DES MOINES, Iowa — The numbers are stark for Donald Trump. Down in Colorado, Virginia and North Carolina.
Hillary Clinton is starting to spend a little money in Georgia and Arizona, states that any Republican running for president ought to be able to count on.
The road to 270 electoral votes — the threshold to clinch the presidency — increasingly looks to be a series of uphill climbs and dead ends for Trump in the usual collection of most competitive states.
The GOP nominee needs a place to reset the electoral map, and stops this past week in Michigan and Pennsylvania suggest he’s looking at the industrial heartland states on the Great Lakes. It’s a part of the country where he has said he can compete with Democrat Hillary Clinton.
Trump will find the going there no easier than anywhere else.
“Trump has to start making some moves,” said Stephan Thompson, a senior adviser to Gov. Scott Walker, R-Wis. “We need to see a positive week out of him to create a positive trajectory. You’re not seeing that anywhere, whether it’s in Wisconsin, Ohio or elsewhere.”
With three months to go until the Nov. 8 vote, the map for Trump is foreboding.
Early voting will not begin until next month, giving people ample opportunity to change their minds. But Clinton has a clear advantage in national and state preference polls at a critical moment in the campaign — after the conventions and as voters start paying serious attention to the race.
If Clinton claims states such as Colorado, Virginia and North Carolina, where recent polls suggest she has a significant lead, Trump would need to win most of the states bordering one of the Great Lakes to have any chance at reaching 270.
That’s provided he wins in Florida. A loss there, and he’ll need to sweep all but Illinois and New York, states firmly in Clinton’s column.
Right now, Trump doesn’t have a lead in any of the states where he will need to win and where recent polling exists, and in several states, he’s significantly behind Clinton.
Trump in running against history, too.
While Ohio has tipped back and forth in recent decades, a Republican presidential nominee has not carried Wisconsin since 1984, and Pennsylvania or Michigan since 1988. It was in Michigan where Trump delivered his indictment this past week of trade measures enacted under recent Democratic presidents, especially the North American Free Trade Agreement.
“Every policy that has failed this city and so many others is a policy supported by Hillary Clinton,” Trump told the Detroit Economic Club. “Trade deals like NAFTA, signed by her husband, that have shipped your jobs to Mexico and other countries.”
Clinton is quietly banking that voters once angry about NAFTA have accepted it or have retired since the pact was enacted two decades ago. She opposes the Trans-Pacific Partnership, an Asian trade agreement she backed as secretary of state, but said at her own Michigan event this past week that “the answer is not to rant and rave and cut ourselves off from the world.”

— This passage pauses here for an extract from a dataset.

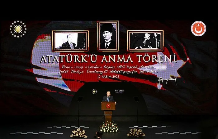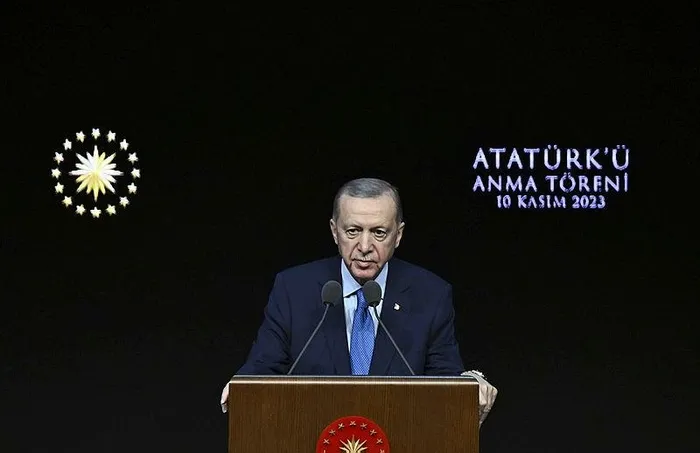 Başkan Recep Tayyip Erdoğan, Anıtkabir'deki resmi tören sonrası Dil Tarih Kurumu'nun düzenlediği Atatürk'ü anma töreninde konuştu. "Gazi Mustafa Kemal'in vasiyeti olan ülkemizi muhasır medeniyet seviyesinin üzerine çıkarma mücadelesini milli mücadele ruhuyla sürdürüyoruz" diyen Erdoğan, "Türkiye dün gardırop Atatürkçüleri bugün de sosyal medya Atatürkçülerinden çok çekmiştir" ifadelerini kullandı. İsrail'in Gazze'deki işlediği katliamlara sert tepki gösteren Erdoğan, "Ülkemiz topraklarını da içeren vadedilmiş topraklar hezeyanıyla, nükleer silah kullanma tehditleriyle sabrımızı zorluyorlar" dedi. AYM ve Yargıtay arasındaki çatışmayı da değerlendiren Erdoğan, "Yeni anayasa talebinin haklılığının göstergesi. Biz bu tartışmada taraf değil hakem konumundayız!" şeklinde konuştu.

Paul Maslin, a Democratic pollster in Wisconsin, said, “People have moved beyond trade, and fixing some old problem. They actually look for and respond more to future plans.”
Trump angered suburban Milwaukee’s Republicans in April when he sharply criticized Walker before losing the presidential primary. Last month, Trump toyed with not endorsing House Speaker Paul Ryan, R-Wis., before the state’s Aug. 9 primary, when Ryan walloped a little-known challenger.

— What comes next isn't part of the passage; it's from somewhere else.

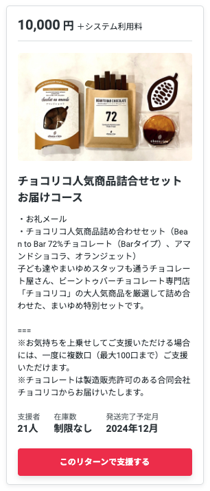 今回のリターンにはそんな美味しいチョコレートを

“In Wisconsin, Trump’s negatives are deeper and fresher,” said Republican pollster Ed Goeas. An independent poll released this past week by Marquette University found Trump down 15 percentage points among likely voters in the state.
Though Clinton’s team isn’t advertising on television in either Michigan or Wisconsin, she is hardly ignoring the states. The campaign has staff in both, and Clinton’s running mate, Virginia Sen. Tim Kaine, was in Milwaukee this month.
Clinton followed Trump to Michigan this past week, making a stop in the Detroit area that was more tactically precise than the billionaire’s speech to the city’s well-heeled business leaders. She spoke in Warren, the heart of working-class Macomb County, northeast of Detroit, at a former auto parts manufacturing plant now being used to make military aircraft equipment.
“The door is closing fast,” said Michigan Democratic strategist Amy Chapman, President Barack Obama’s senior Michigan adviser in his 2008 and 2012 campaigns. “If the numbers look like this in a month, I’ll feel better.”
Trump was playing to a wider industrial audience during his economic address in Detroit, promoting “American steel” and “energy mined from American sources” — obvious signals to nearby Ohio and Pennsylvania.
Winning there will require motivating an overwhelming number of white, working-class voters in places such as western and central Pennsylvania and southeastern Ohio. And overcoming his current gap with Clinton. While polls show Clinton with an edge in Ohio, they peg her with an outright lead in Pennsylvania.
Ray Zaborney, a Harrisburg, Pennsylvania-based GOP campaign operative who advises most of the state’s Republican legislative candidates, said Trump is doing the right things in Pennsylvania, adding staff and making smart travel decisions. Still, he said, Trump “has got to find his groove and stay on his message.”
“It’s on his shoulders to turn it in the right direction,” Zaborney said.